(Data extract):
────────────────────────────────────────

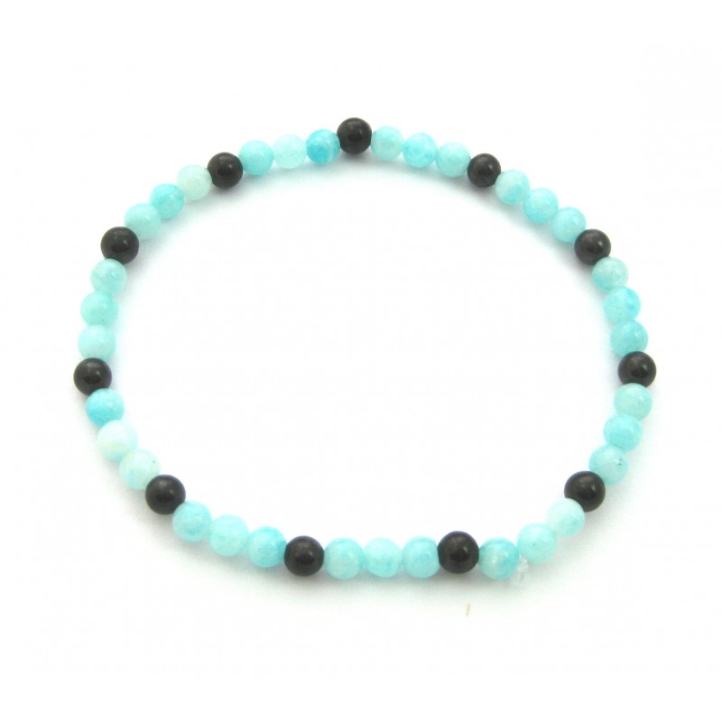 Kugel-Armband Amazonit mint mit Schungit (Steinkohle) 4 mm
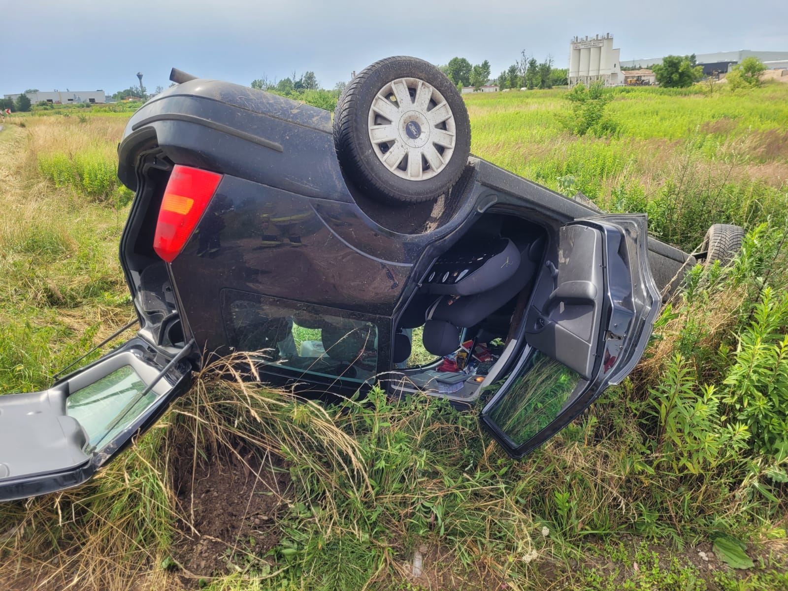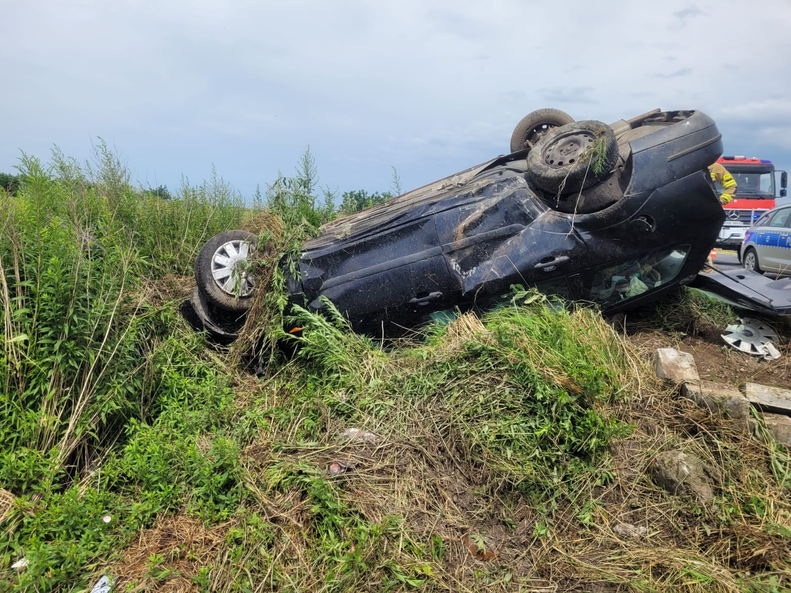 W pierwszym zdarzeniu doszło do dachowania samochodu osobowego, którym podróżowała jedna osoba. Nasze działania polegały na zabezpieczeniu miejsca zdarzenia oraz zakręceniu butli z gazem LPG w pojeździe. Udzielono kwalifikowanej pierwszej pomocy kierowcy następnie przekazano poszkodowanego Zespołowi Ratownictwa Medycznego. Ratownicy medyczni po przebadaniu kierowcy zabrali go z miejsca zdarzenia do wrocławskiego szpitala.
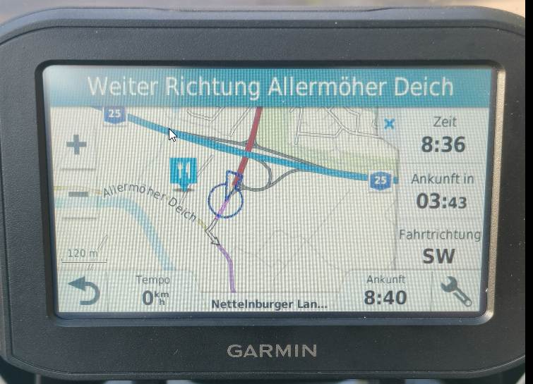 wenn ich ein Ziel eingegeben habe in den Zumo 396, berechnet er die Route und zeigt sie an. Dann aber kommt keine Ansage mehr. In der oberen Zeile steht nicht mehr die Entfernung zur nächsten Abzweigung, sondern nur noch die Strasse, wo es langgeht, siehe Bild. Keine Ahnung, woran das liegt. Hat jemand eine Ahnung, was da los ist? Was ich machen könnte? So ist es fast so, als ob ich einem Track folgen würde. ![]()
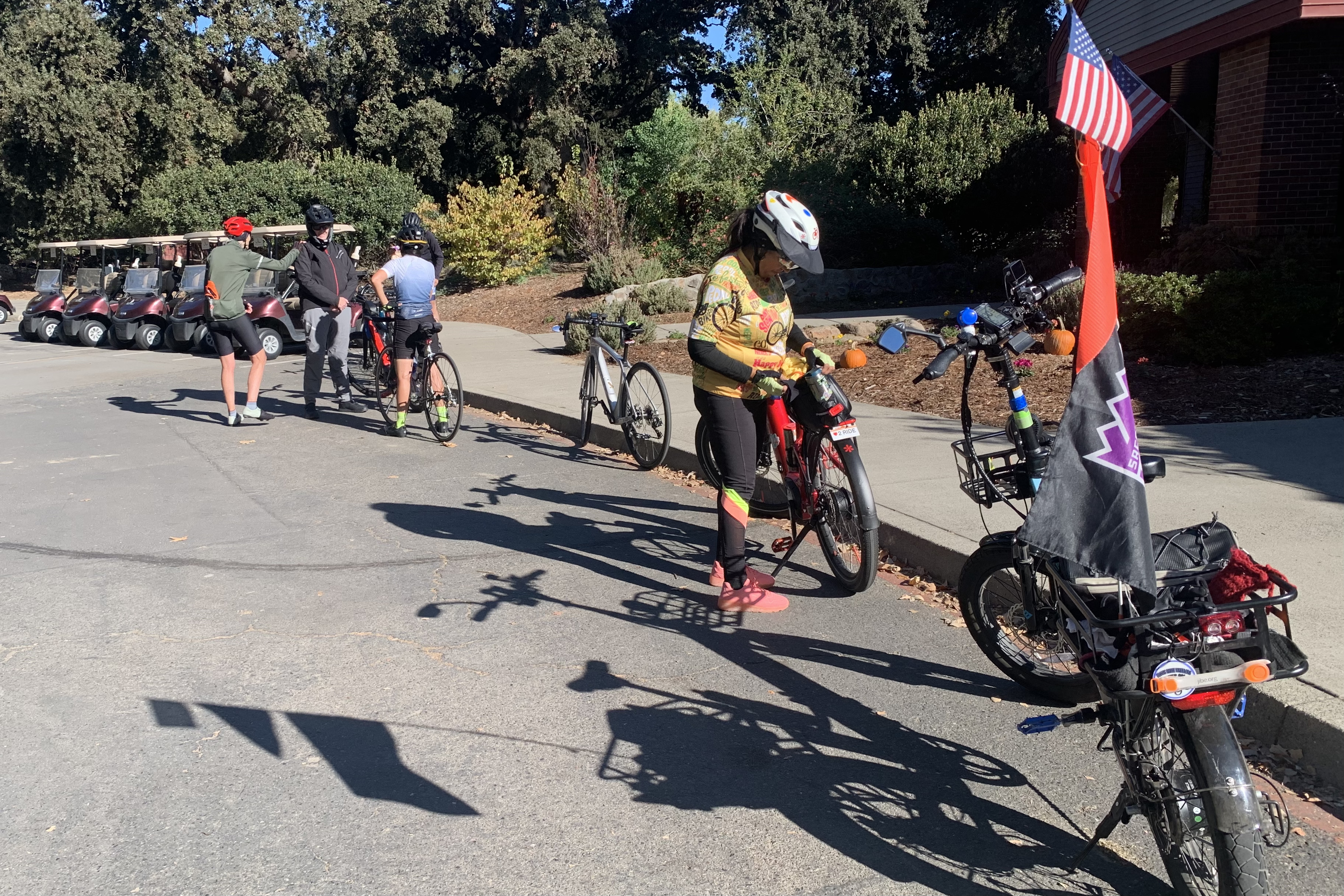 This was a farewell ride, sort of. Dani and Kathy are moving to Roseville. Today we did one of our favorite rides – around the airport. A rest stop at Teal Bend Golf Course.

────────────────────────────────────────

(Your assignment): Any images must be dropped; all other material is to be printed exactly.

(Exercise result):
 Kugel-Armband Amazonit mint mit Schungit (Steinkohle) 4 mm
 W pierwszym zdarzeniu doszło do dachowania samochodu osobowego, którym podróżowała jedna osoba. Nasze działania polegały na zabezpieczeniu miejsca zdarzenia oraz zakręceniu butli z gazem LPG w pojeździe. Udzielono kwalifikowanej pierwszej pomocy kierowcy następnie przekazano poszkodowanego Zespołowi Ratownictwa Medycznego. Ratownicy medyczni po przebadaniu kierowcy zabrali go z miejsca zdarzenia do wrocławskiego szpitala.
 wenn ich ein Ziel eingegeben habe in den Zumo 396, berechnet er die Route und zeigt sie an. Dann aber kommt keine Ansage mehr. In der oberen Zeile steht nicht mehr die Entfernung zur nächsten Abzweigung, sondern nur noch die Strasse, wo es langgeht, siehe Bild. Keine Ahnung, woran das liegt. Hat jemand eine Ahnung, was da los ist? Was ich machen könnte? So ist es fast so, als ob ich einem Track folgen würde. ![]()
 This was a farewell ride, sort of. Dani and Kathy are moving to Roseville. Today we did one of our favorite rides – around the airport. A rest stop at Teal Bend Golf Course.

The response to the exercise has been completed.